Die schönen Künste, Kult/ur/räume
"Die Wahrnehmung von Kulturräumen im eigenen Land und deren Darstellungsweise in Kunstfotografien stehen im Mittelpunkt der Ausstellung/Publikation Kult/ur/räume. Dazu wurden zwölf chinesische und zwölf österreichische FotografInnen eingeladen, ihre persönliche Definition zu diesem Thema über ihre Arbeiten wiederzugeben." (Aus Kult/ur/räume)
Die schönen Künste thematisiert die mögliche Omnipräsenz von Kunst und Kultur unabhängig von (Kultur-) Raum und Zeit. In vier Fotos werden die vier großen Ausdrucksformen der "Schönen Künste" Literatur, Musik, darstellende und bildende Kunst - repräsentativ verkörpert durch eine Schriftstellerin, einen Cellisten, eine Tänzerin sowie durch einen Maler - an für normale Begriffe ungewöhnlichen Orten dargestellt. (Die Fotoarbeit ist aufgrund des fehlenden Malers (noch) unvollendet.)
Dabei wurde versucht, einen größtmöglichen Kontrast zwischen der künstlerischen Tätigkeit und dem für diese Tätigkeit gewählten Raum herzustellen. So wurden ein schneebedeckter Acker, eine leere Tiefgarage oder etwa ein mit Graffiti beschmiertes und heruntergekommenes Abbruchhaus als "Kunstraum" gewählt.
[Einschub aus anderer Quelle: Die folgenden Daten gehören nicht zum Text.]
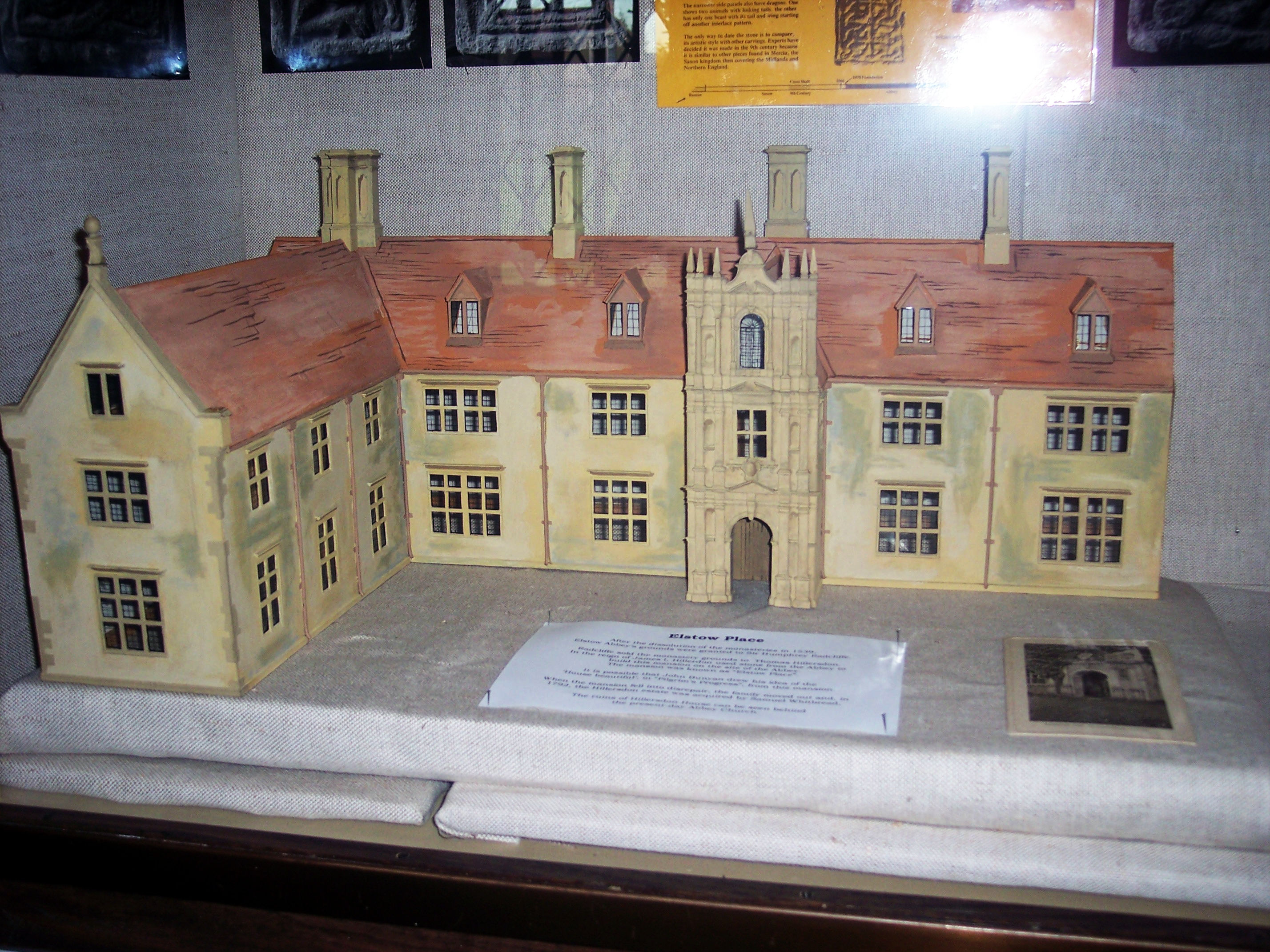 The mansion of Sir Thonas Hillersden, in Elstow.

Zur Gewährleistung dieses Kontrasts wurde auf die "klassische" und im allgemeinen Bewusstsein verankerte Ausprägung der jeweiligen Kunstsparte zurückgegriffen.
Ausstellung(en):
Ausstellung im Rahmen der Kult/ur/räume in der Aula der Universität Graz, 2015.
Veröffentlichung(en): Kult/ur/räume, Herausgeberinnen: Maria Valentina Kravanja, Daniela Unger-Ullmann, Wenli Zhang, edition keiper (ISBN: 978-3-902901-57-6)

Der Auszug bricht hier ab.